Логан поднялся. Перед ним был сам Рутаго – король цыган, летающих на мотолетах. Шестнадцатилетний, красивый, мускулистый, с бородой и золотыми кудрями.
– Твой цветок мигает, – сказал Рутаго с улыбкой, показывая остальным на ладонь Логана.
К ним подошла Бледнолицая и посмотрела на охотника рысьими глазами.
– Сделаем Последний День песочного человека диким!
Цыган было четырнадцать: семеро мужчин и семеро женщин. Младшему – пятнадцать, старшему – семнадцать. Женщины носили атлас, парчу и золотые мониста. Они нарядно блестели, волосы роскошно уложены в форме звезды; у всех – опаловые ногти с лазурными полосками. Тщательно вымытые и душистые, они пахли персиками. Бледнолицая не пользовалась макияжем, лишь глаза подвела черным, но и так она была прекрасна.
Мужчины красовались в коже шевро[2] и бархатных сапогах с манжетами и носили филигранные серебряные и платиновые украшения, начищенные и смазанные маслом.
Две цыганки вышли вперед, удерживая Джессику.
– У нас тут еще гости, – сказала одна. – Беглянка.
Логан сделал было шаг в сторону Джессики, но вспомнил, что все еще стоит, окруженный мотолетами: одно неверное движение, и его поджарят выхлопными зарядами. Это совсем не те мотолеты, на которых он катался в детстве, а быстрые и смертоносные машины; выхлопы из хромированных реактивных отсеков могли испепелить человека в мгновение ока.
Рутаго, похоже, нравилось происходящее. Он махнул рукой в драгоценных украшениях:
– Давайте прокатим их, только сначала свяжите.
Трое цыган вышли в круг и связали Логану руки, затем подвели к мотолету Рутаго, усадили в седло и связали под ним ноги.

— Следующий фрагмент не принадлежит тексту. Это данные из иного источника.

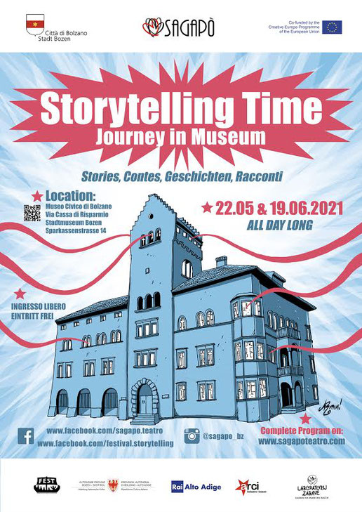 “Storytelling Time – Journey in Museum” è un’iniziativa del Comune di Bolzano, che gode quest’anno anche del sostegno del FEST – Federation for European Storytelling attraverso il fondo europeo Creative Europe e dell’Ufficio Cultura della Provincia di Bolzano.
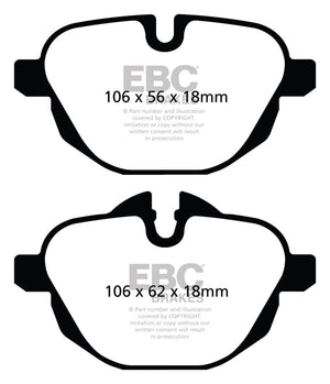There are TWO reasons our customers love Redstuff, First because they are the lowest dust pad we have encountered by reducing dust by 60-90-percent. Plus the minimal dust you see is very easily removed with a simple sponge wash as it contains no steel fibre particles as in ALL OTHER pads. Second they brake like an alligator right from cold (as good as Original pads or better) and just get better as they heat up.This material is a Synthetic Fiber based brake compound enhanced with ceramic particles. If you have previously tried EBC redstuff (pre-ceramic compound) this material is light years ahead. It lasts longer; it brakes better and is quieter. Being a hard wearing pad, bed-in times can be as long as 1000 miles and drivers must be patient until the pad takes up the shape of their disc (brake rotor). This is a truly impressive fast road pad for repeated heavy braking.It emits far less dust than semi-metallic pads and has been proven to stop a passenger car/sedan/sport compact/hot hatch 13 metres quicker than OEM pads from 100mph/160kph. Features EBC Brake-In surface coating which conditions rotor surface and accelerates pad bed-in. Nominal friction coefficient 0.5 with approx. 50-percent dust reduction.Most EBC Red Ceramic pads are approved to ECE R90 brake safety regulation.

Кожаная рукоятка мотолета короля цыган была богато украшена бриллиантами, изумрудами, сапфирами и рубинами, а седло усыпал жемчуг.
Джессику привязали к машине Бледнолицей.
– Вперед, наездники!
Цыгане взлетели. Пистолет Логана так и остался лежать в траве.
Жаркое полуденное солнце медленно ползло по небу Дакоты, прогревая воздух. Дедвуд был окутан пылью и тишиной призрачного города. Краска на приземистых зданиях вдоль главной улицы давно облупилась, старые доски криво торчали из красной земли.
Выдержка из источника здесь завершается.